_PROBLEM TO WORK ON:_
Beginning at the line containing "Студия сдается", repeat each line below exactly up to and including the line containing "HOWO yakıt tankeri, 18.000". Do not repeat the pictures.

_RECORDED DATA:_
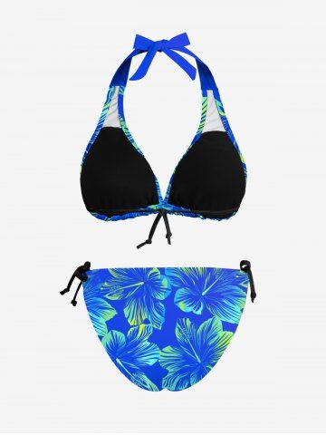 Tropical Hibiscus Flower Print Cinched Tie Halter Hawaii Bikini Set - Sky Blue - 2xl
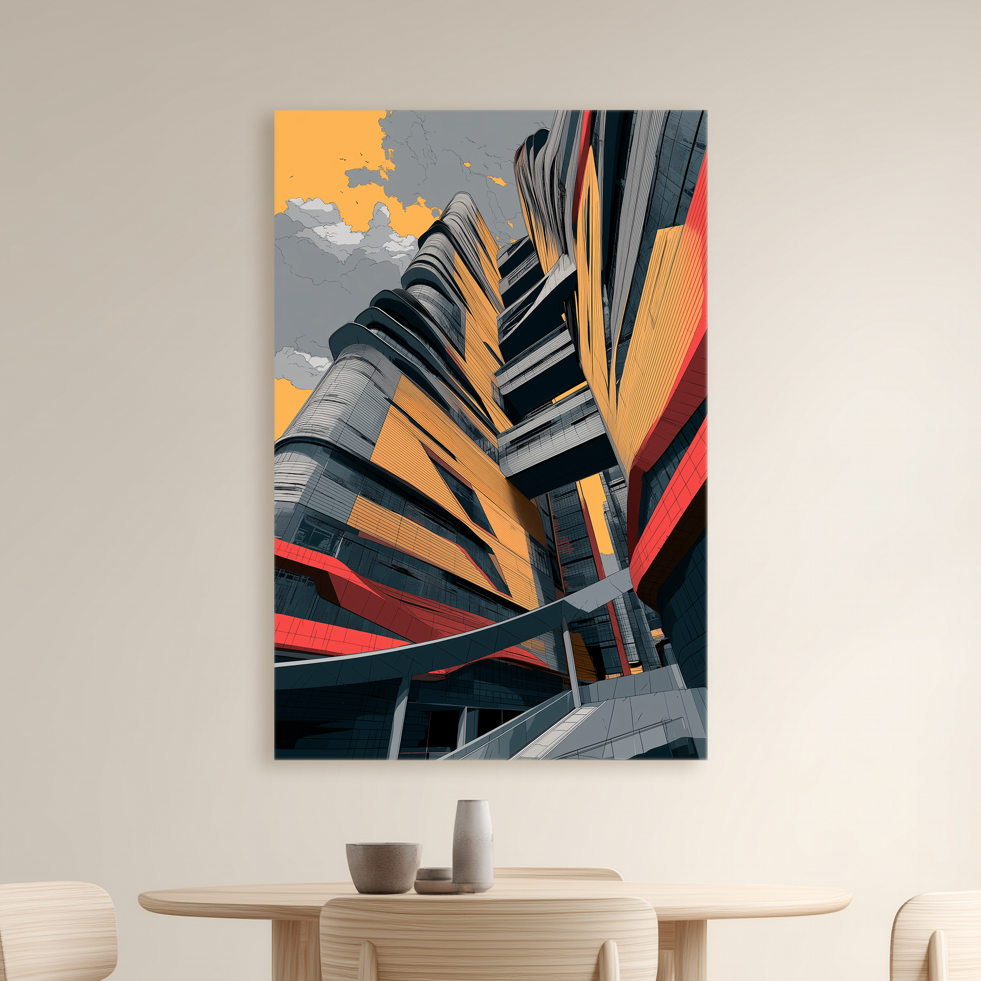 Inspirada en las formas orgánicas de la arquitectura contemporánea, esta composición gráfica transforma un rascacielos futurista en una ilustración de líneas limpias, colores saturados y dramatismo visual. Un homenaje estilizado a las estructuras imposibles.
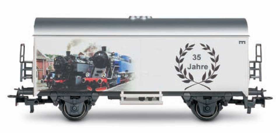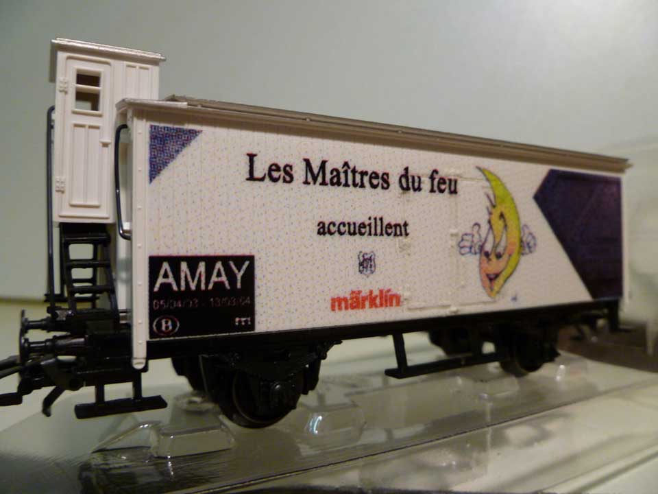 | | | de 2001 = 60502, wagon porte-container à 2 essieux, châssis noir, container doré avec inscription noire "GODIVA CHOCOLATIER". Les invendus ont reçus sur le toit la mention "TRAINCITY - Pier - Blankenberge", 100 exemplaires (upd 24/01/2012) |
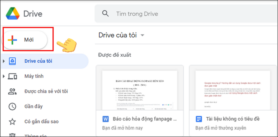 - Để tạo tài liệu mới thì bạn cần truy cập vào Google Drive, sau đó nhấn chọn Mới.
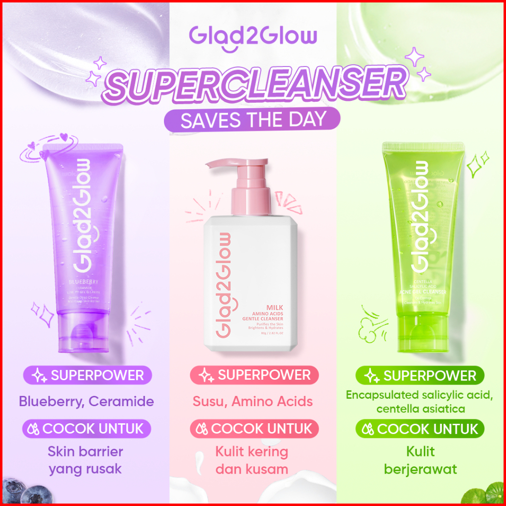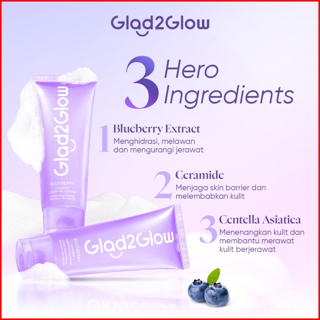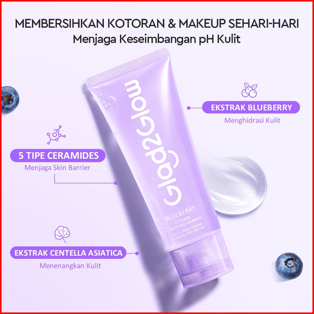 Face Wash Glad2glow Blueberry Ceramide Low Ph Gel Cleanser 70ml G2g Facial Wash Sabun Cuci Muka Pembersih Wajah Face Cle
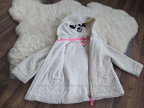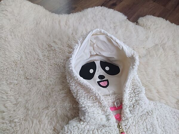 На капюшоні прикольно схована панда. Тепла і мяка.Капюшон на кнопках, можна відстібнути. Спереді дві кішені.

---

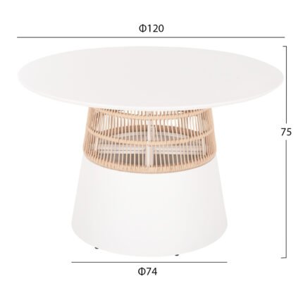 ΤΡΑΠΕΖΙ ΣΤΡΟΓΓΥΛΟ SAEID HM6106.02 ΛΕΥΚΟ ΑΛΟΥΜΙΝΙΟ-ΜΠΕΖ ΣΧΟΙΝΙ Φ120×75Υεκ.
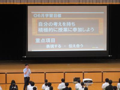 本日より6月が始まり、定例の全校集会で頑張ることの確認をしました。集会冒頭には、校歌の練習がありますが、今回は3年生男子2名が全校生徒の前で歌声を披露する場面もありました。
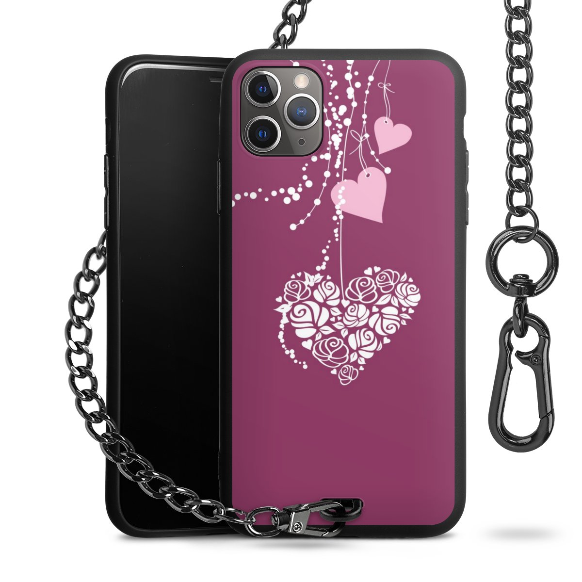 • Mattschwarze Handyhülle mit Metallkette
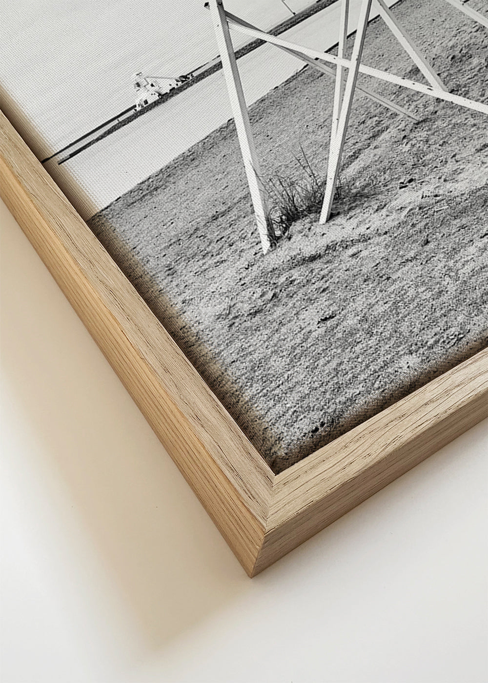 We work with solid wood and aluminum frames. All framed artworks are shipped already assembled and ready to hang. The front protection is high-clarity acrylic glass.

...

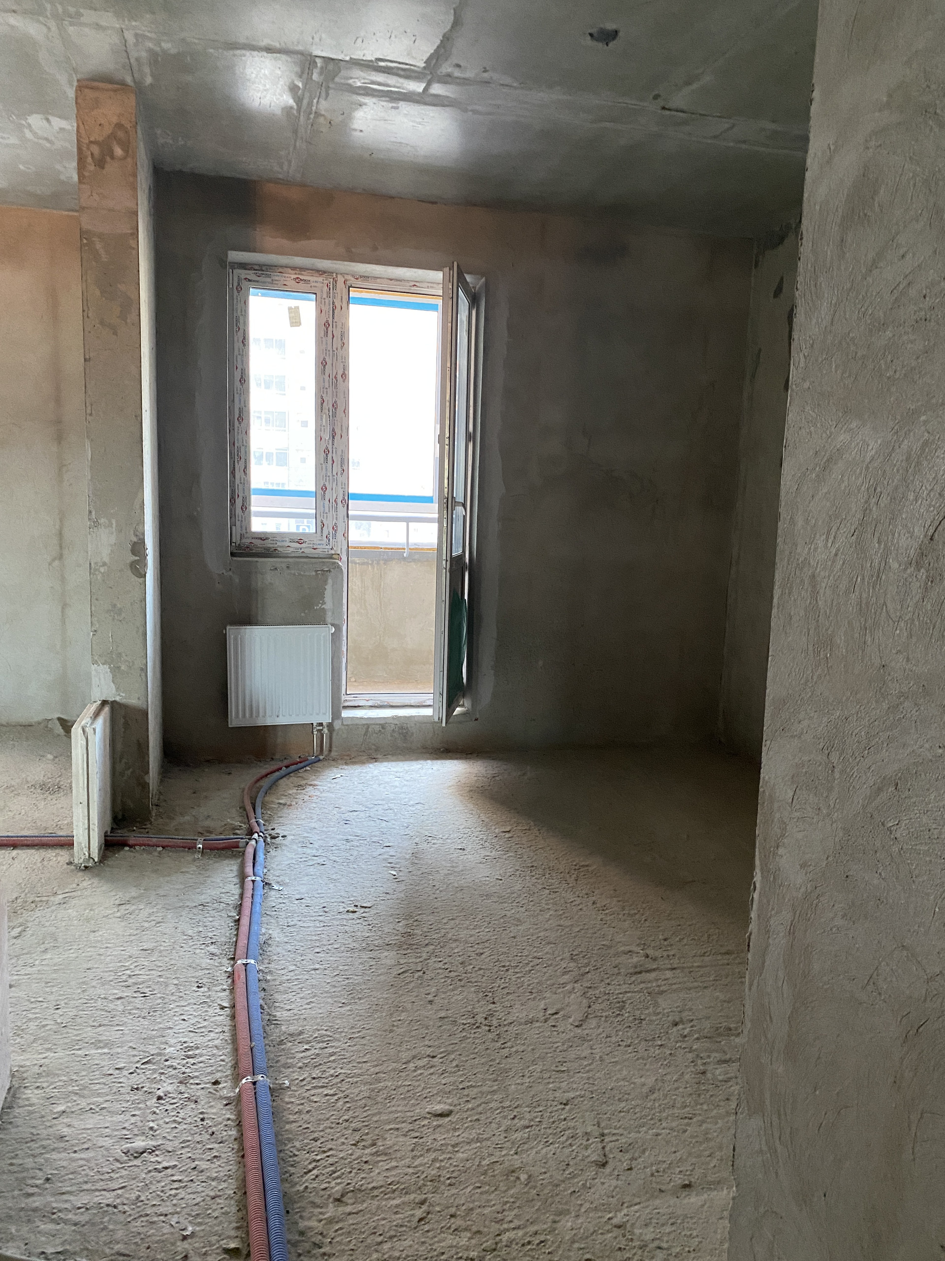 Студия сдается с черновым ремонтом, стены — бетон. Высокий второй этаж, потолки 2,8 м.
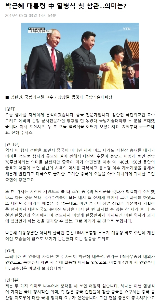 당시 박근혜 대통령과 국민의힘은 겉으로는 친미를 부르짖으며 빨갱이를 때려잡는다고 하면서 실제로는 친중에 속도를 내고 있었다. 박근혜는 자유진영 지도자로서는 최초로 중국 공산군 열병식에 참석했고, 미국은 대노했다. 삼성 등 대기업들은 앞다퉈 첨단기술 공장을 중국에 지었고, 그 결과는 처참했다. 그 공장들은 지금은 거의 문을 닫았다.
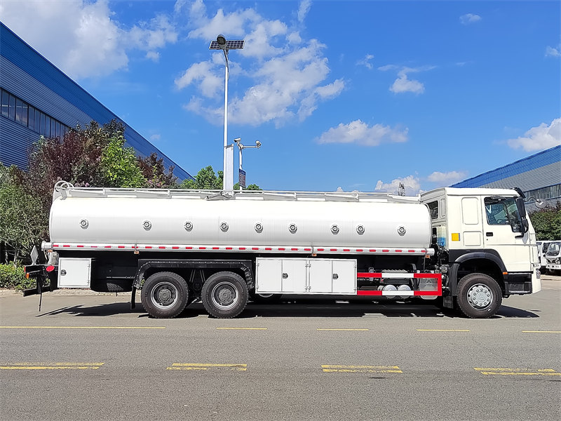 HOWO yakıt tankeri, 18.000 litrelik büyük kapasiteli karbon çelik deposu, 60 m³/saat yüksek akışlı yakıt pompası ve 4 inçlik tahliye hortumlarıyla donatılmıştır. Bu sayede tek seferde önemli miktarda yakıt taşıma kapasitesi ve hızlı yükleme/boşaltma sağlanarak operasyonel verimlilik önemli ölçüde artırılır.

_ANSWER TO THIS EXERCISE:_
 Студия сдается с черновым ремонтом, стены — бетон. Высокий второй этаж, потолки 2,8 м.
 당시 박근혜 대통령과 국민의힘은 겉으로는 친미를 부르짖으며 빨갱이를 때려잡는다고 하면서 실제로는 친중에 속도를 내고 있었다. 박근혜는 자유진영 지도자로서는 최초로 중국 공산군 열병식에 참석했고, 미국은 대노했다. 삼성 등 대기업들은 앞다퉈 첨단기술 공장을 중국에 지었고, 그 결과는 처참했다. 그 공장들은 지금은 거의 문을 닫았다.
 HOWO yakıt tankeri, 18.000 litrelik büyük kapasiteli karbon çelik deposu, 60 m³/saat yüksek akışlı yakıt pompası ve 4 inçlik tahliye hortumlarıyla donatılmıştır. Bu sayede tek seferde önemli miktarda yakıt taşıma kapasitesi ve hızlı yükleme/boşaltma sağlanarak operasyonel verimlilik önemli ölçüde artırılır.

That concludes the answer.